What needs to be done:
The whole listing below needs to be duplicated exactly, pictures aside.
-- -- --
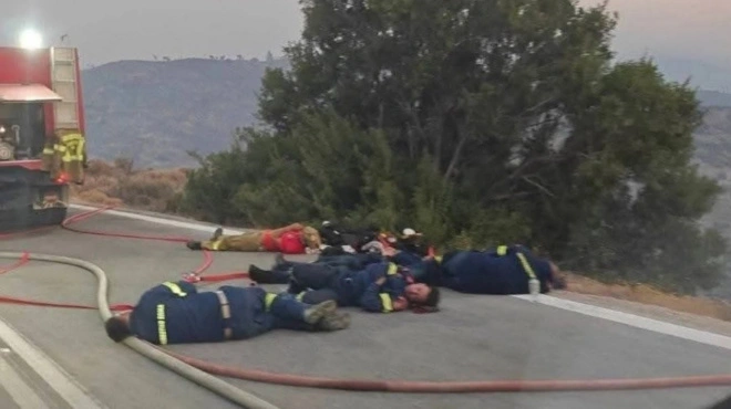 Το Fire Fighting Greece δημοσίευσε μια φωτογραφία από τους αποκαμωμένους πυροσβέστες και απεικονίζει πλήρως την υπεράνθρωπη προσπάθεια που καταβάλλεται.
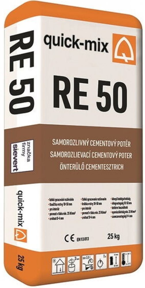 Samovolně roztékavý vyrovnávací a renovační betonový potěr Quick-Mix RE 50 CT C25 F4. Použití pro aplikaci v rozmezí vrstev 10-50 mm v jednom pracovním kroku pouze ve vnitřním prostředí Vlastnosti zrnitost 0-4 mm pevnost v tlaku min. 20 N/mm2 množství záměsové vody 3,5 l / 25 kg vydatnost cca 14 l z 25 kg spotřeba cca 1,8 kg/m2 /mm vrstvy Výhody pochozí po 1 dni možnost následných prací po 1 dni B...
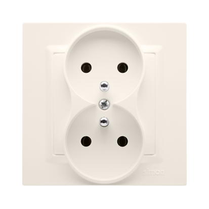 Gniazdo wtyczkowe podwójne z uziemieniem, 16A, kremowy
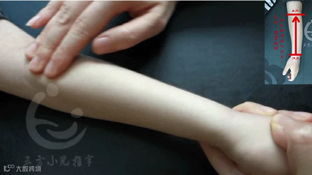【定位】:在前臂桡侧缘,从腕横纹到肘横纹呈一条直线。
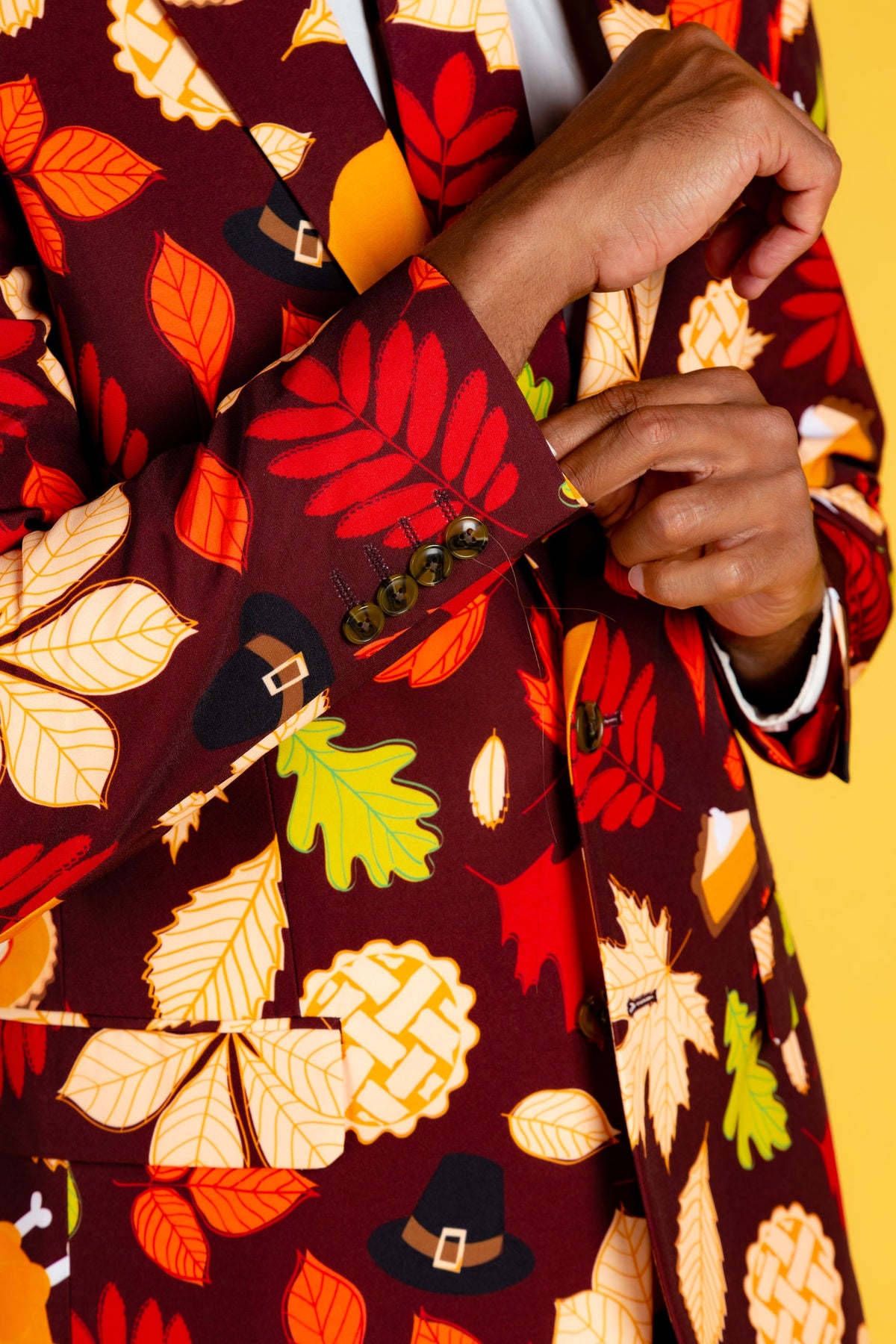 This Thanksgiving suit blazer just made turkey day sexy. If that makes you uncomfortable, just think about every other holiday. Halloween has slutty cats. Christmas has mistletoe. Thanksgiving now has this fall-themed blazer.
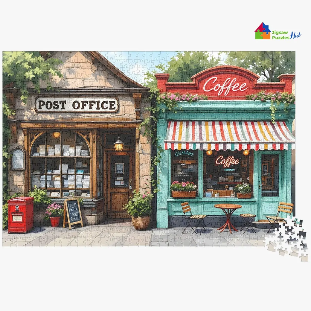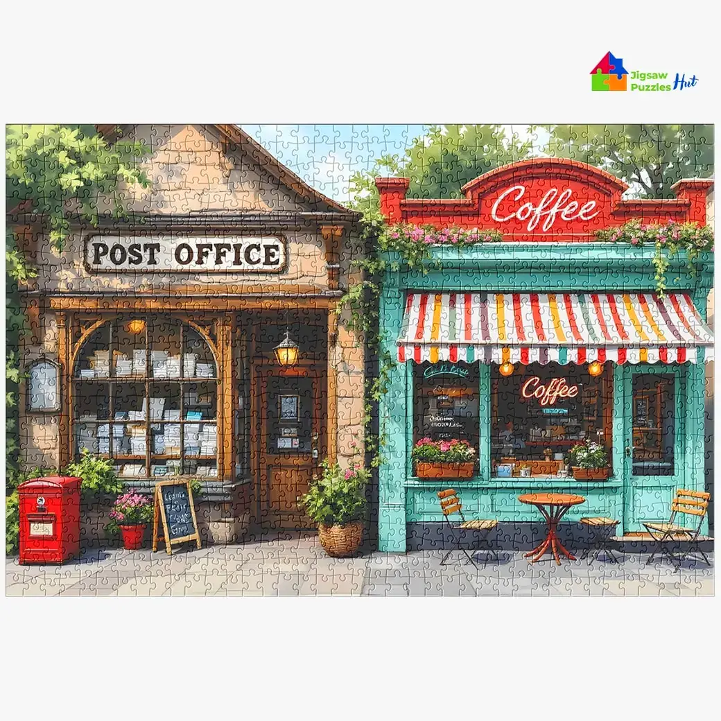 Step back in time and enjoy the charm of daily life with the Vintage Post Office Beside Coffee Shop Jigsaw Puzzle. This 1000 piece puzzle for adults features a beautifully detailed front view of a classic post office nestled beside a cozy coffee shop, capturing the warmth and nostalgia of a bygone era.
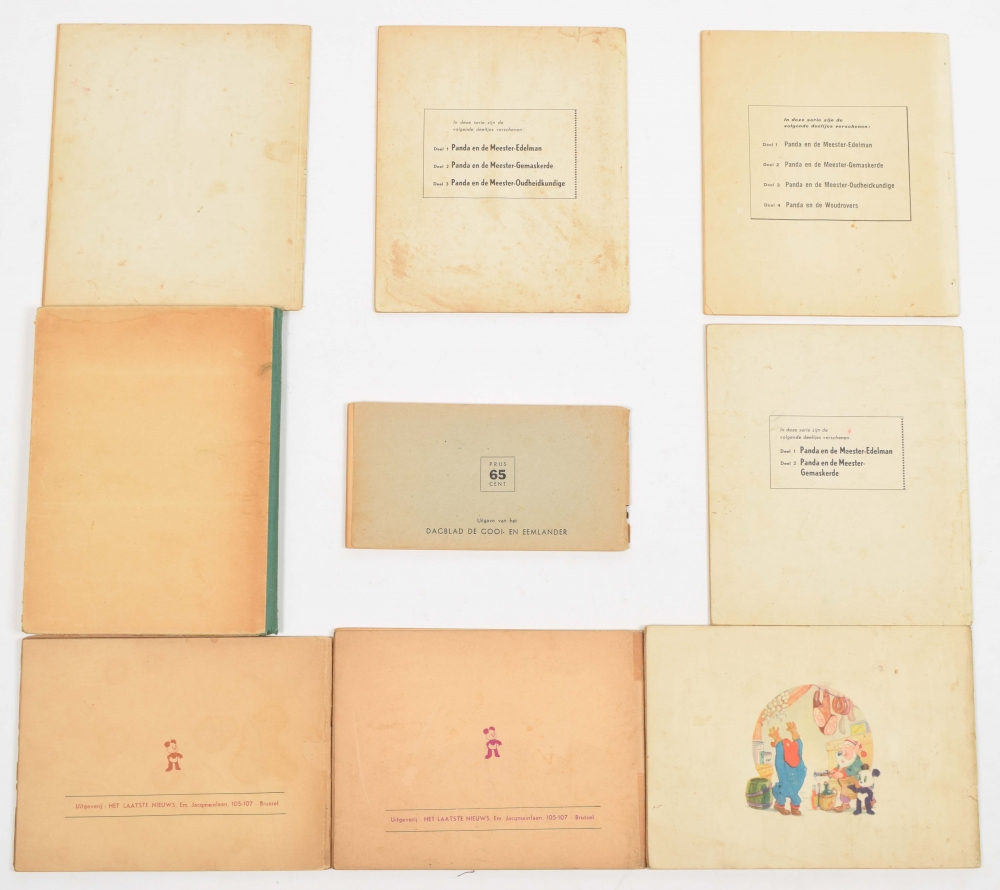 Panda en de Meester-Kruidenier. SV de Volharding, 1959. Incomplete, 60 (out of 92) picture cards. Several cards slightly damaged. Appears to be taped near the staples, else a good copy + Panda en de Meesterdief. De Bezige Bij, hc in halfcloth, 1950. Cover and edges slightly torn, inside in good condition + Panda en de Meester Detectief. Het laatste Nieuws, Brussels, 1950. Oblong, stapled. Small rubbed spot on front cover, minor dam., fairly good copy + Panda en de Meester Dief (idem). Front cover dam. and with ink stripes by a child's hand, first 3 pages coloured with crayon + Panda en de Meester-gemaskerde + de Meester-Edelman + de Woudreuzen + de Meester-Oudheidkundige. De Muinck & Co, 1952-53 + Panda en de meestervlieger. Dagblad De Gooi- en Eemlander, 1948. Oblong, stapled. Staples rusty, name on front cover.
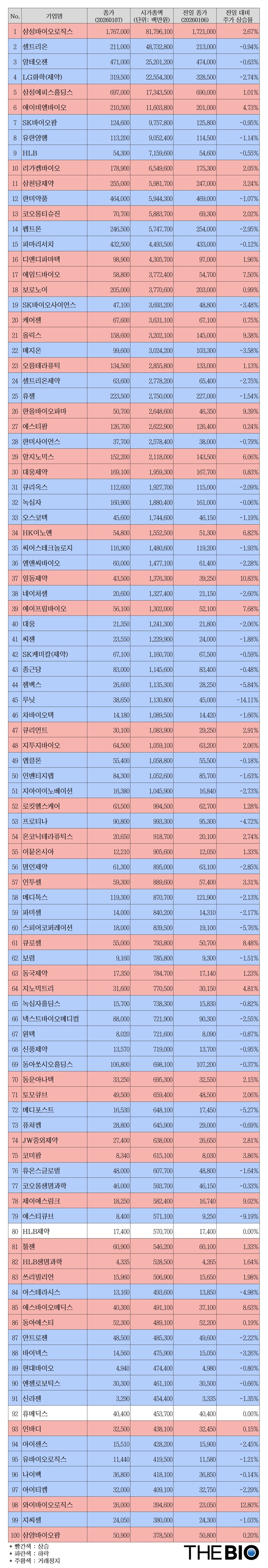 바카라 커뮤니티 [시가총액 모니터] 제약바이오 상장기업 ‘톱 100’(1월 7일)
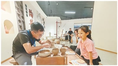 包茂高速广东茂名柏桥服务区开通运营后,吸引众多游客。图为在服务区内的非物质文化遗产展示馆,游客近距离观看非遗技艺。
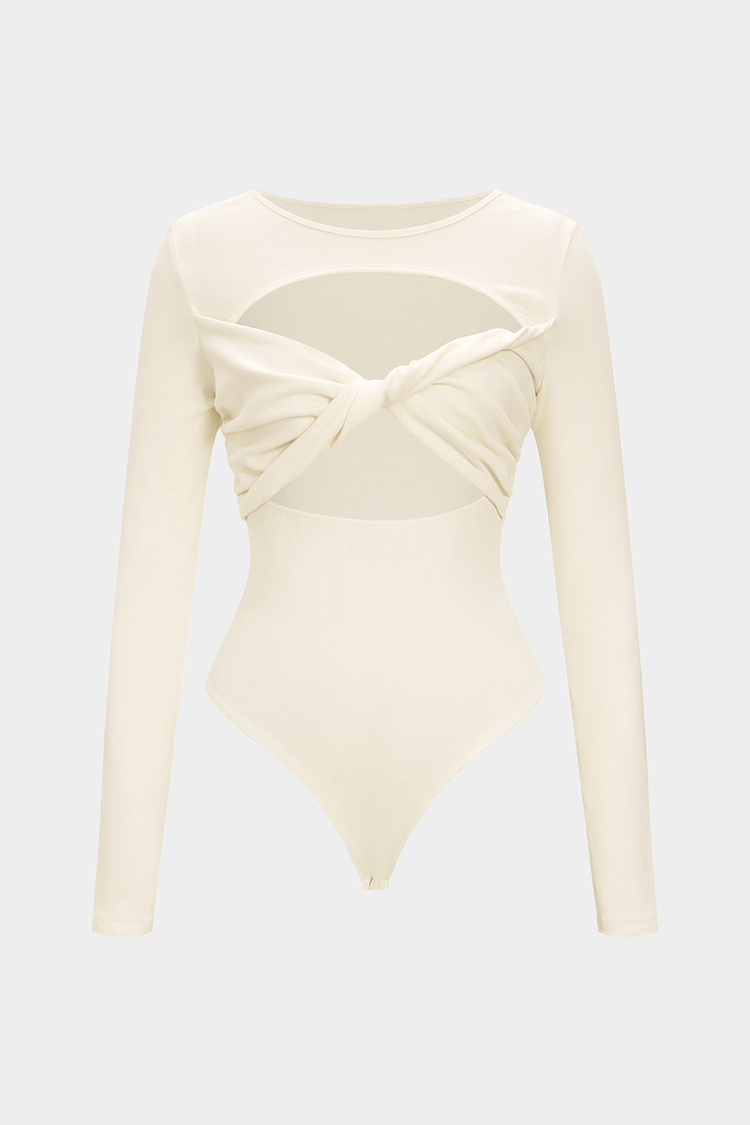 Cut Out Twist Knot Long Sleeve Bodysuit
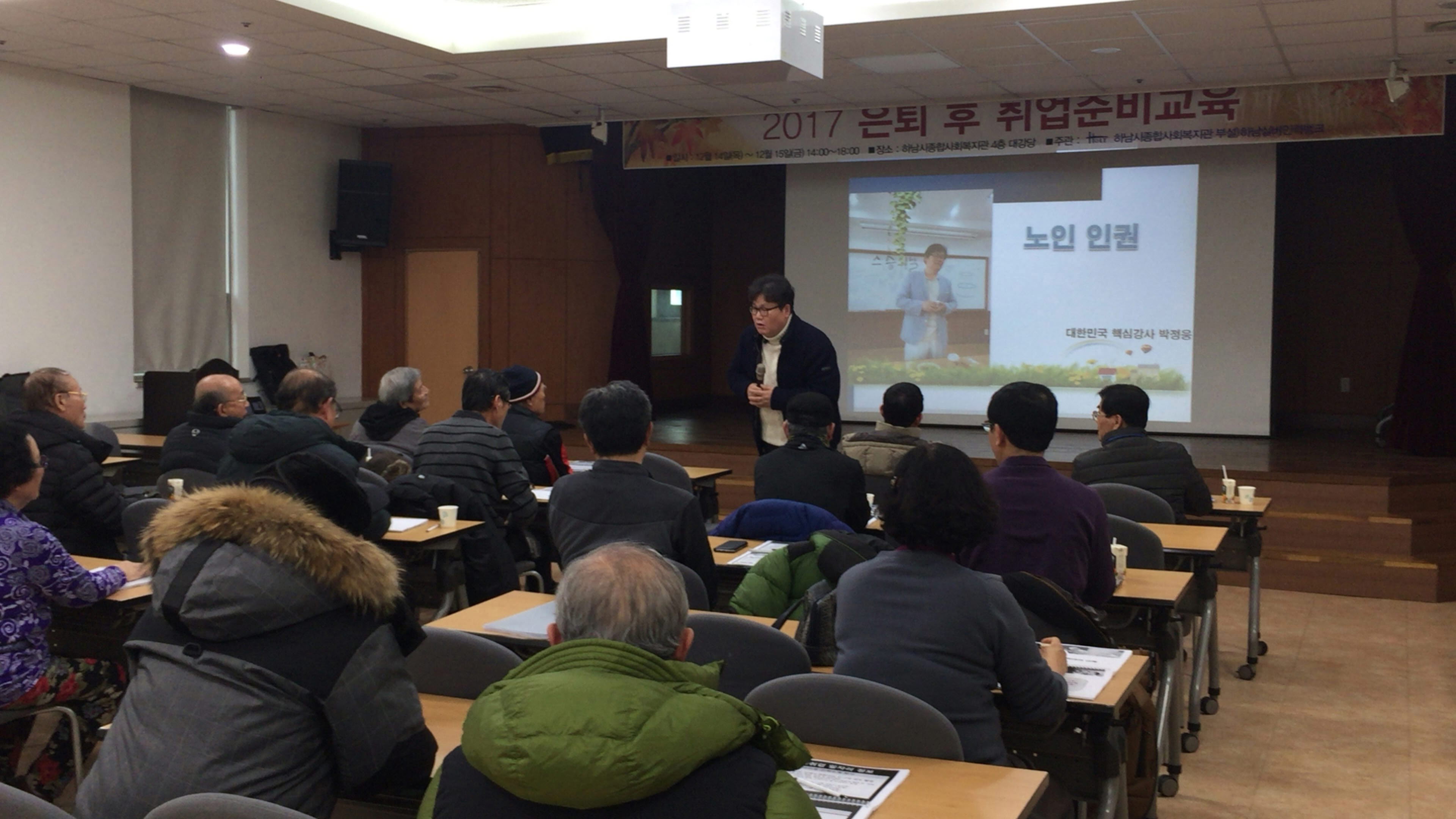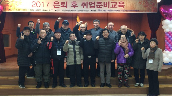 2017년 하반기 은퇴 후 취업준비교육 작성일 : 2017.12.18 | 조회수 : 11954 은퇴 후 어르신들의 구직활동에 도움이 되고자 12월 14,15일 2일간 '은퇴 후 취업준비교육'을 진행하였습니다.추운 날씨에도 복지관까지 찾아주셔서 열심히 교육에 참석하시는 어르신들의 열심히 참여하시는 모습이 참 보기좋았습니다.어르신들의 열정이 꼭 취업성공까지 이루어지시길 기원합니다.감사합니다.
-- -- --
Task result:
 Το Fire Fighting Greece δημοσίευσε μια φωτογραφία από τους αποκαμωμένους πυροσβέστες και απεικονίζει πλήρως την υπεράνθρωπη προσπάθεια που καταβάλλεται.
 Samovolně roztékavý vyrovnávací a renovační betonový potěr Quick-Mix RE 50 CT C25 F4. Použití pro aplikaci v rozmezí vrstev 10-50 mm v jednom pracovním kroku pouze ve vnitřním prostředí Vlastnosti zrnitost 0-4 mm pevnost v tlaku min. 20 N/mm2 množství záměsové vody 3,5 l / 25 kg vydatnost cca 14 l z 25 kg spotřeba cca 1,8 kg/m2 /mm vrstvy Výhody pochozí po 1 dni možnost následných prací po 1 dni B...
 Gniazdo wtyczkowe podwójne z uziemieniem, 16A, kremowy
【定位】:在前臂桡侧缘,从腕横纹到肘横纹呈一条直线。
 This Thanksgiving suit blazer just made turkey day sexy. If that makes you uncomfortable, just think about every other holiday. Halloween has slutty cats. Christmas has mistletoe. Thanksgiving now has this fall-themed blazer.
 Step back in time and enjoy the charm of daily life with the Vintage Post Office Beside Coffee Shop Jigsaw Puzzle. This 1000 piece puzzle for adults features a beautifully detailed front view of a classic post office nestled beside a cozy coffee shop, capturing the warmth and nostalgia of a bygone era.
 Panda en de Meester-Kruidenier. SV de Volharding, 1959. Incomplete, 60 (out of 92) picture cards. Several cards slightly damaged. Appears to be taped near the staples, else a good copy + Panda en de Meesterdief. De Bezige Bij, hc in halfcloth, 1950. Cover and edges slightly torn, inside in good condition + Panda en de Meester Detectief. Het laatste Nieuws, Brussels, 1950. Oblong, stapled. Small rubbed spot on front cover, minor dam., fairly good copy + Panda en de Meester Dief (idem). Front cover dam. and with ink stripes by a child's hand, first 3 pages coloured with crayon + Panda en de Meester-gemaskerde + de Meester-Edelman + de Woudreuzen + de Meester-Oudheidkundige. De Muinck & Co, 1952-53 + Panda en de meestervlieger. Dagblad De Gooi- en Eemlander, 1948. Oblong, stapled. Staples rusty, name on front cover.
 바카라 커뮤니티 [시가총액 모니터] 제약바이오 상장기업 ‘톱 100’(1월 7일)
 包茂高速广东茂名柏桥服务区开通运营后,吸引众多游客。图为在服务区内的非物质文化遗产展示馆,游客近距离观看非遗技艺。
 Cut Out Twist Knot Long Sleeve Bodysuit
 2017년 하반기 은퇴 후 취업준비교육 작성일 : 2017.12.18 | 조회수 : 11954 은퇴 후 어르신들의 구직활동에 도움이 되고자 12월 14,15일 2일간 '은퇴 후 취업준비교육'을 진행하였습니다.추운 날씨에도 복지관까지 찾아주셔서 열심히 교육에 참석하시는 어르신들의 열심히 참여하시는 모습이 참 보기좋았습니다.어르신들의 열정이 꼭 취업성공까지 이루어지시길 기원합니다.감사합니다.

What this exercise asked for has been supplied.